Convinto di dover trattare tutti di merda, lui compreso, per poter
difendersi.
Fu così che si
conquistò la nomea di odioso ragazzino da impiccare!
Qualcuno
cominciò a chiamarlo così. Altri lo definirono come un egocentrico
viziato narcisista pieno di sé.
Mike continuò
sempre a difenderlo ma mai davanti a lui per non umiliarlo in qualche
modo, per essere equo con tutti, per non creare ulteriori spaccature
all’interno di un gruppo che ormai stentava sempre più a stare insieme.
Quando uscì dal
bagno, dopo la doccia, trovò Chester, che aveva già fatto la sua per
primo, nel letto tutto piegato su sé stesso a tenersi lo stomaco e a
fare smorfie stringendo i denti.
Tremava dal
dolore e soffriva come in poche volte poteva dire d’averlo visto.
A Mike gli si
contorse lo stomaco allo stesso modo in cui probabilmente l’aveva il
compagno che non lo vedeva.
Cercava di
dormire concentrandosi su sé stesso, sul proprio corpo e sul dolore.

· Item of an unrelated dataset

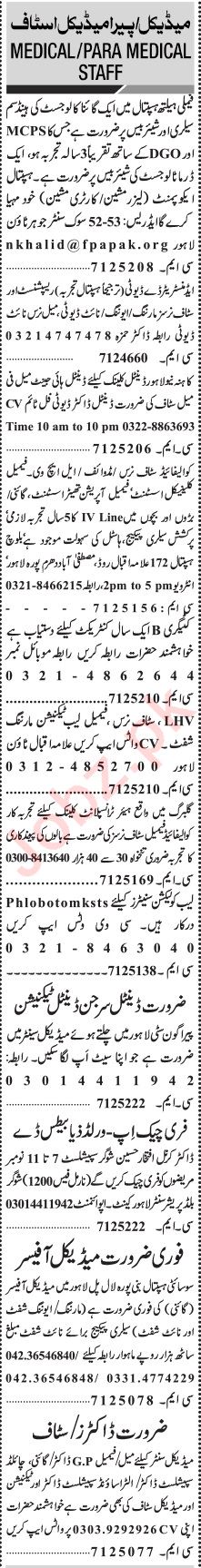Jang Sunday Classified Ads 6 Nov 2022 For Paramedical Staff

Annullando ogni cosa che lo circondava per sopravvivere.
Mike esitò
chiedendosi a quel punto cosa potesse fare per lui.
Vide la scatola
degli antidolorifici nel comodino del letto matrimoniale in cui erano
stati messi e sospirò. Se non gli faceva effetto cosa avrebbe dovuto
fare?
Lo vide
tendersi come una corda di violino, vide ogni muscolo allo spasmo, lo
vide sudare e tremare e diventare sempre più pallido mentre si mordeva
una mano per resistere.
Era un’anima in
pena e presto lo diventò anche lui guardandolo. Non voleva che fosse
così, non voleva che stesse male, non voleva… si sentì come non si era
mai sentito e sospirando si passò una mano fra i capelli corti e
bagnati, scrollò la testa per togliersi goccioline rimanenti e
decidendo che non l’avrebbe lasciato così mai e poi mai, ormai pronto
per dormire, salì sul letto ma invece di mettersi nel proprio posto
accanto a lui si mise sui cuscini, di traverso, alzò la testa di
Chester e se la mise sul proprio petto in modo da fare lui da cuscino.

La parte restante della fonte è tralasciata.